2024-05-21 18:15:17.402059: I tensorflow/core/platform/cpu_feature_guard.cc:182] This TensorFlow binary is optimized to use available CPU instructions in performance-critical operations.
To enable the following instructions: AVX2 FMA, in other operations, rebuild TensorFlow with the appropriate compiler flags.


In [2]:

# Specify the path to the HDF5 file
file_path = '/home/ferroelectric/sean/RHEED_4848_test6.h5'

# Create an instance of the HDF5Dataset generator
batch_size = 1000
data_generator = HDF5Dataset(file_path, batch_size=batch_size)

import numpy as np
from scipy.optimize import least_squares
from dask import delayed, compute
from dask.distributed import Client

# Defining the 2D Gaussian function
def gaussian2D(x_y, A, x0, y0, sigma_x, sigma_y):
    x, y = x_y
    return A * np.exp(-((x - x0)**2 / (2 * sigma_x**2) + (y - y0)**2 / (2 * sigma_y**2)))

# Computing residuals for least-squares minimization
def residuals(params, x, y, data):
    A, x0, y0, sigma_x, sigma_y = params
    model = gaussian2D((x, y), A, x0, y0, sigma_x, sigma_y)
    return (model - data).ravel()

def convert_parameters(parameters):
    A, x0, y0, sigma_x, sigma_y = parameters
    
    mean_x = x0
    mean_y = y0
    cov_x = sigma_x
    cov_y = sigma_y
    
    # Calculate theta from the covariance values
    if cov_x != 0 and cov_y != 0:
        theta = 0.5 * np.arctan(2 * cov_x * cov_y / (cov_x**2 - cov_y**2) + 1e-9)
    else:
        theta = 0.0
    
    return mean_x, mean_y, cov_x, cov_y, theta

# Fitting multiple images using Dask
def fit_and_convert_parameters(h5_filename):
    all_converted_params = []  
    all_images = []
    
    with h5py.File(h5_filename, 'r') as h5_file:
        for group_num in range(1, 13):  
            group_name = f'growth_{group_num}'
            if group_name in h5_file:
                group = h5_file[group_name]['spot_2']

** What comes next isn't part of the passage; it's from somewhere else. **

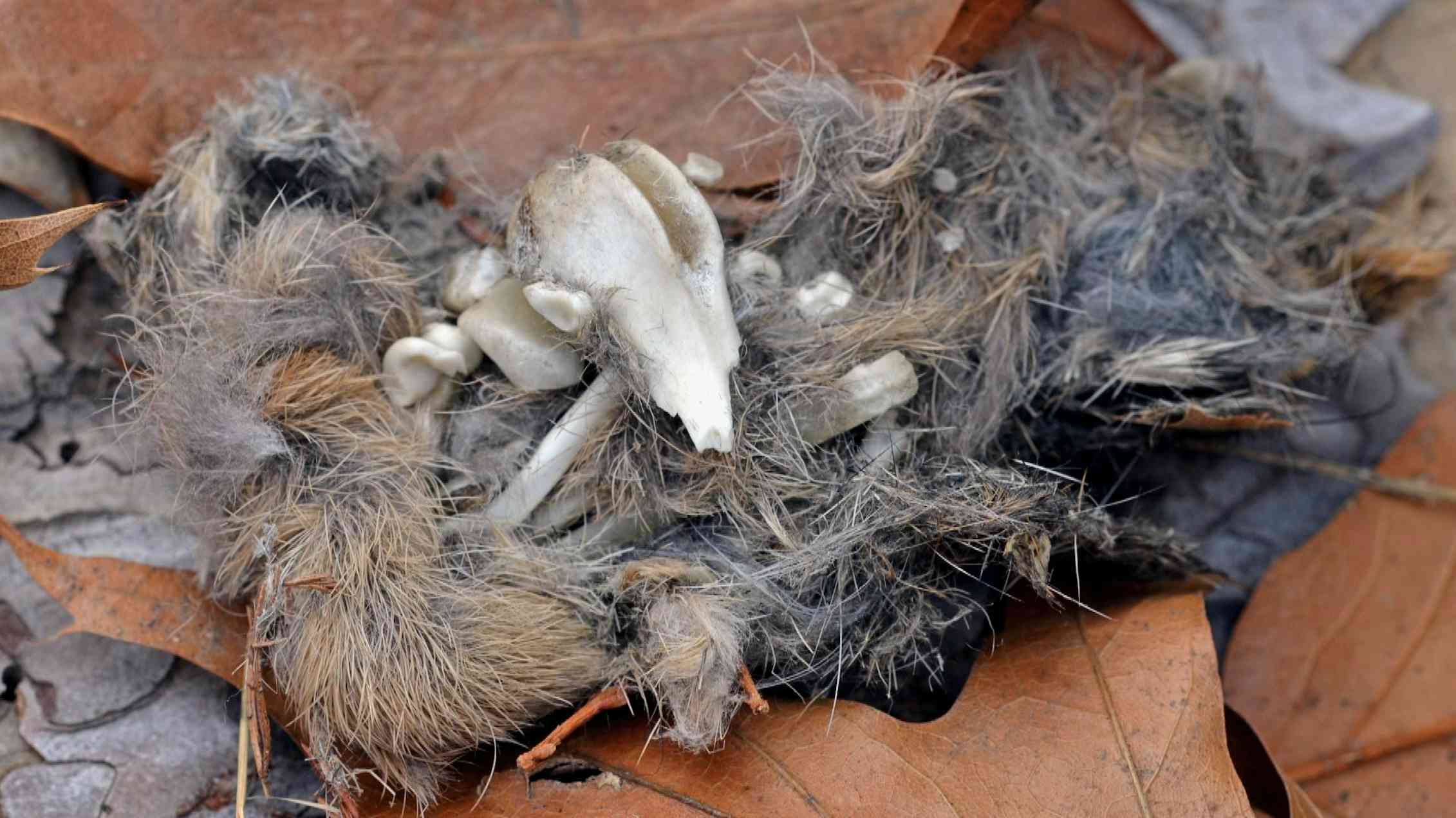If you are lucky, you might find a pellet of bone and fur regurgitated by an owl near the base of a tree. Carefully break it apart and there’s a good chance you’ll find the skull of a vole or rat.

                images = group[:]  
                
                normalized_images = [image / image.max() for image in images]  
                all_images.extend(normalized_images)
                
                guesses = [add_guess(image) for image in normalized_images]
                fits = [fit_gaussian2D_delayed(image, guess) for image, guess in zip(normalized_images, guesses)]
                
                converted_params = [convert_parameters(params) for params in compute(*fits)]
                all_converted_params.extend(converted_params)  

    return all_converted_params, all_images

# Parallelizing the fit function using Dask's delayed
@delayed
def fit_gaussian2D_delayed(data, guess):
    y, x = np.indices(data.shape)
    result = least_squares(residuals, guess, args=(x, y, data))
    return result.x

# Adding an initial guess for the fit
def add_guess(data):
    A_guess = np.max(data)
    x0_guess, y0_guess = np.unravel_index(np.argmax(data), data.shape)
    sigma_x_guess = sigma_y_guess = np.std(data)
    return [A_guess, x0_guess, y0_guess, sigma_x_guess, sigma_y_guess]

# Main code
if __name__ == "__main__":
    h5_filename = "/home/ferroelectric/sean/RHEED_4848_test6.h5"  # Replace with the actual path
    
    with Client() as client:  # Starts a local cluster or connects to an existing one
        results, images2 = fit_and_convert_parameters(h5_filename)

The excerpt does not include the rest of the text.